Top-level / batching / IO:
- n_ubatch (alias ubatch) -- physical batch size; was previously
force-aliased to n_batch at line 482, blocking embedding/rerank
workloads that need independent control
- threads_batch (alias n_threads_batch) -- main-model batch threads;
mirrors the existing draft_threads_batch
- direct_io (alias use_direct_io) -- O_DIRECT model loads
- verbosity -- llama.cpp log threshold (line 479 had this commented
out)
- override_tensor (alias tensor_buft_overrides) -- per-tensor buffer
overrides for the main model; mirrors draft_override_tensor
Embedding / multimodal:
- pooling_type (alias pooling) -- mean/cls/last/rank/none; previously
only auto-flipped to RANK for rerankers
- embd_normalize (alias embedding_normalize) -- and the embedding
handler now reads params_base.embd_normalize instead of a hardcoded
2 at the previous embd_normalize literal in Embedding()
- mmproj_use_gpu (alias mmproj_offload) -- mmproj on CPU vs GPU
- image_min_tokens / image_max_tokens -- per-image vision token budget
Reasoning surface (the audit-focus three; LocalAI's existing
ReasoningConfig.DisableReasoning only feeds the per-request
chat_template_kwargs.enable_thinking and does not touch any of these):
- reasoning_format -- none/auto/deepseek/deepseek-legacy parser
- enable_reasoning (alias reasoning_budget) -- -1/0/>0 thinking budget
- prefill_assistant -- trailing-assistant-message prefill toggle
All 14 referenced fields exist on both the upstream pin and the
turboquant fork's common.h, so no LOCALAI_LEGACY_LLAMA_CPP_SPEC guard
is needed.
Docs: extend model-configuration.md with new "Reasoning Models",
"Multimodal Backend Options", "Embedding & Reranking Backend Options",
and "Other Backend Tuning Options" subsections; also refresh the
Speculative Type Values table to show the new dash-separated canonical
names alongside the underscore aliases LocalAI still accepts.

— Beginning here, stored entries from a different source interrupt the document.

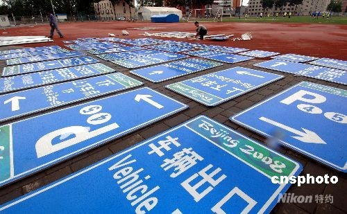 在通往各奧運(yùn)有關(guān)場(chǎng)地的途中,寫(xiě)有“2008北京奧運(yùn)”的路牌十分醒目,這些路牌不僅明確標(biāo)出場(chǎng)館、奧運(yùn)村、新聞中心等主要場(chǎng)地的所在和路程,還有加油站、物流中心等相關(guān)配套地點(diǎn)的走向。
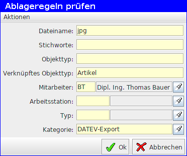 | Verknüpftes Objekt | Falls sie ihre Datei mit einer anderen Datei, Auftrag oder Sonstigem verknüpft haben, kann dies hier angegeben werden. |
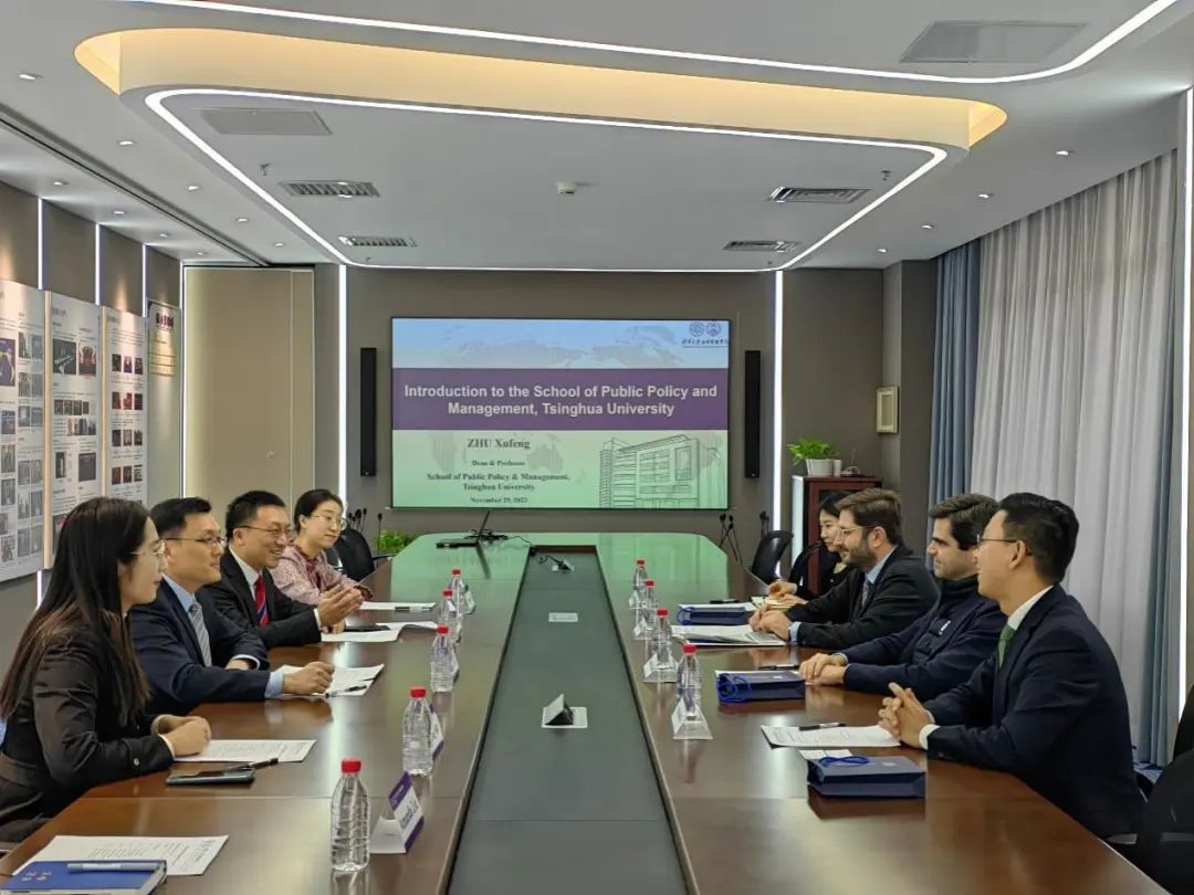 11月29日下午,西班牙IE大学(IE University)首席执行官Diego del Alcázar,教务长兼政治、经济与国际事务学院院长Manuel Muñiz,传媒副总监孙力以及大中华区总负责人万家阳一行4人到访PP电子(以下简称清华公管)。清华公管院长朱旭峰、副院长殷成志、国际合作与交流办副主任史姝婷等出席接待。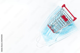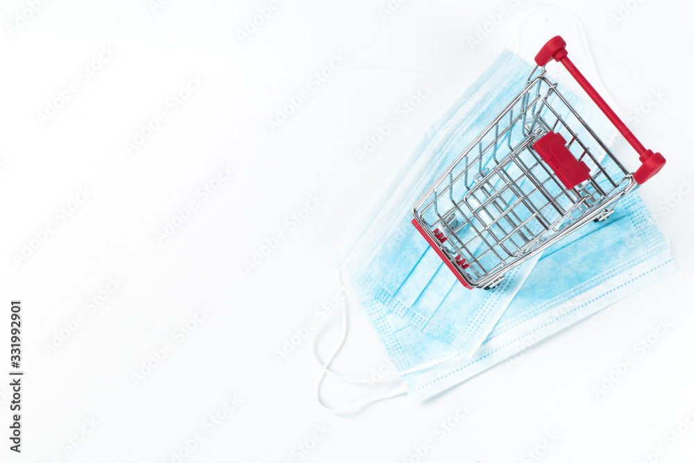 Medical mask in shop trolley on white background. Sale of medical masks. Coronavirus concept. 2019 nCoV.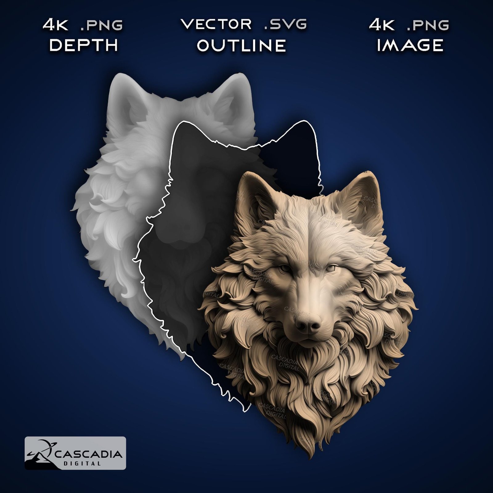 Wolf Head – Laser Engrave 4K PNG Image, Depth Map, Exact-Outline Cut File, 3D Illusion – Animal wildlife nature dog fox kitsune front 1707

Assisted-by: claude-code:claude-opus-4-7
Signed-off-by: Ettore Di Giacinto <mudler@localai.io>
Co-authored-by: Ettore Di Giacinto <mudler@localai.io>
* ⬆️ Update ggml-org/llama.cpp
Signed-off-by: github-actions[bot] <41898282+github-actions[bot]@users.noreply.github.com>
* fix(llama-cpp): adapt to upstream COMMON_SPECULATIVE_TYPE_DRAFT rename
ggml-org/llama.cpp#22964 ("spec: update CLI arguments for better
consistency") renamed the speculative type enum values:
COMMON_SPECULATIVE_TYPE_DRAFT -> COMMON_SPECULATIVE_TYPE_DRAFT_SIMPLE
COMMON_SPECULATIVE_TYPE_EAGLE3 -> COMMON_SPECULATIVE_TYPE_DRAFT_EAGLE3
and the registered name strings flipped from underscore- to dash-
separated form (e.g. ngram_simple -> ngram-simple), with the bare
draft/eagle3 aliases replaced by draft-simple/draft-eagle3.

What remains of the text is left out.